Freitag, 13 Dezember 2019 19:42

Not me. Hommage an David Bowie | Altstadttheater | Von Falco Blome. Mit Maria Helgath.

von

348 David Bowie Foto Petra Kleine 5Ingolstadt | Was für ein Abend! Eine Reise in ein anderes Universum – eines aus Musik und Zeit. Das Universum David Bowie.

Alien, Chamäleon, Außenseiter, Pop-Ikone - David Bowie erfand sich ständig neu. Als Kunstfigur - Ziggy Stardust, Major Tom, Thin White Duke. Als Musiker, Schauspieler, Produzent … Fremdartig. Mystisch.
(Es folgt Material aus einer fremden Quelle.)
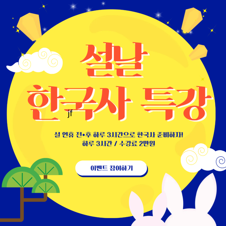 안녕하세요! 오소리프라임학원입니다. 올해 설날 연휴는 2월 14일부터 2월 18일까지, 총 5일입니다. 그리고 이 긴 연휴가 지나면 어느새 3월, 새 학기가 바로 눈앞인데요. 그래서 개학 전, 짧고 굵게 한국사를 정리하는 설날 특강을 준비했습니다. 이번 특강은 2월 14일부터 2월 18일까지 총 5일 동안 각각 하루 3시간씩 진행됩니다. 조선 후기부터 일제강점기, 근현대사까지 한국사에서 중요한 부분을 집중적으로 배웁니다. 이번 설 연휴 동안 학생들의 공부가 끊기지 않도록 구성했습니다. 설날 한국사 특강 수강료는 2만 원입니다. 모두 따뜻하고 즐거운 설 연휴 보내세요~ 새해 복 많이 받으세요! 한 번의 상담, 수업만으로도 차이를 느끼실....... <img src="https://blogthumb.pstatic.net/MjAyNjAxMjlfMTEy/MDAxNzY5NjY0MDExMTc1.m4O78Wv-3-Wqk9EwKpb3R_n_Czx3SsTTT4LLQeNQV3Yg._oRV0ZZ3Mvbh6ZvDFwZ_Kz7A_CKrY_OzFKzOZ67Sd_Qg.PNG/%C1%A6%B8%F1%C0%BB_%C0%D4%B7%C2%C7%D8%C1%D6%BC%BC%BF%E4._%286%29.png?type=s3" />
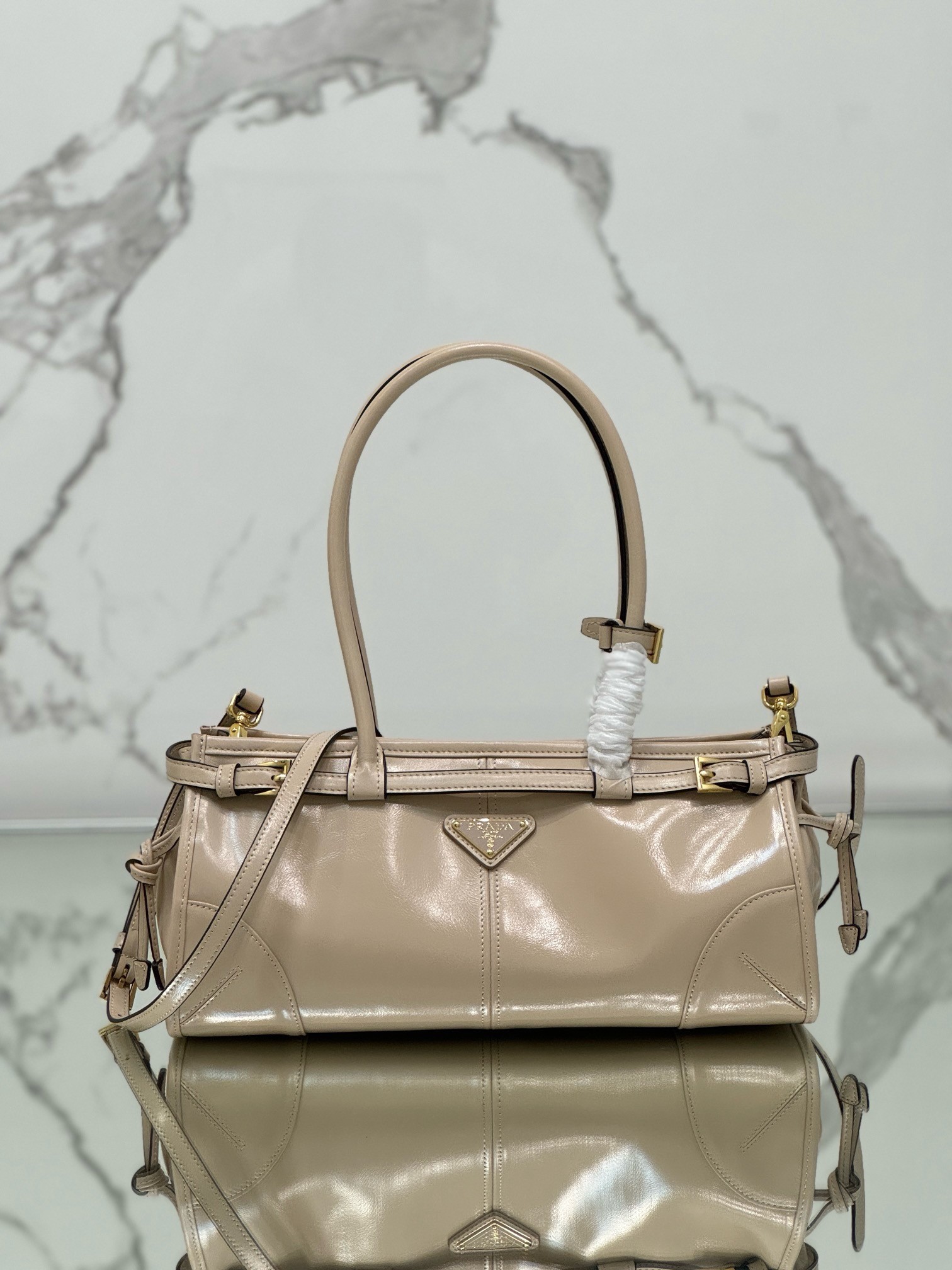 This pragmatic and refined handbag is made of soft leather with a glossy finish that emphasizes its versatile, modern allure. The geometric design blends different influences into one style with a distinctive but sleek aesthetic. Embellished by the sophisticated strap detail, the rectangular silhouette has zipper pockets inside. The enameled metal triangle logo completes the look with its iconic signature.

Nicht von dieser Welt und doch einer der einfluss- und erfolgreichsten Musiker der letzten Jahrzehnte. Das Leben dieses Ausnahmekünstlers ist ständige Veränderung und Neuinszenierung bis hin zur völligen Dekonstruktion. "Manchmal fühle ich mich, als sei ich niemand". Not me.

Bowies Spiel mit seinen androgynen Facetten, die schillernde Palette seiner Kunst, sein Faible für Bühnenspiel, für Kostüme und Mode als eleganter Dandy, schriller Paradiesvogel oder Edel-Punk – immer mit Stil. Er sei, so Bowie über sich, ein Sammler von Persönlichkeiten. Ein Geschichtenerzähler.

Falco Blome ist der Erzähler von David Bowies Geschichte. Er lädt uns auf einen Trip durch das kreative Universum Bowie ein. Seinen Trip. Blome hat Bowie mehrmals live gesehen, war von dessen Bühnenpräsenz tief beeindruckt, hat sich immer wieder künstlerisch von ihm inspirieren lassen. Für Blome zugleich Herzensangelegenheit und Herausforderung das Universum Bowie auf die Bühne des Ingolstädter Altstadttheaters zu bringen. Blome setzt dabei auf Reduktion und erzählt das Leben und die kreative Entwicklung des Geschichtenerzählers Bowie – folgerichtig - vor allem mit dessen Songs. Sie sind neu arrangiert, nur für Klavier und Gitarre. Michael Gumpinger und Alex Czinke interpretieren mehr als 20 Bowie-Songs und müssen sich sowohl auf Pop-Hits einlassen als auch auf Jazz und völlige Dekonstruktion. Großartig. Sie machen hörbar, wie komplex und künstlerisch vielseitig Bowies Musik ist. Maria Helgath gibt Bowie ihre Stimme, wirft als erzählende Ich-Figur kurze biografische Schlaglichter zwischen die Songs ein und verbindet alles. Gibt Einblick in kreatives Denken und künstlerische Brüche. Helgath kommt aus der klassischen Musik, war als Schauspielerin auch am Stadttheater engagiert. Die Mezzosopranistin interpretiert mit großer Stimme und eigenem Stil die bekannten Hits wie „Space Oddity“ oder „Heroes“, jazzrockige Titel und späte, fast mystische Songs wie „Lazarus“. Eine Hommage, ein Requiem und irgendwie auch eine Beschwörung - immer wieder bringt uns Helgath mit ihrer Bühnenpräsenz und ihrer Stimme, an den Punkt, uns fühlen zu lassen, JETZT sei es soweit und Bowie kommt doch noch einmal selbst von hinten auf die Bühne …. Das geht unter die Haut. Und als sie zum Ende hin, wie aus dem Off singt, die Bühne sich leert und dann alles still wird und nur noch in uns nachklingt. Magisch. Gänsehaut. Langer Applaus.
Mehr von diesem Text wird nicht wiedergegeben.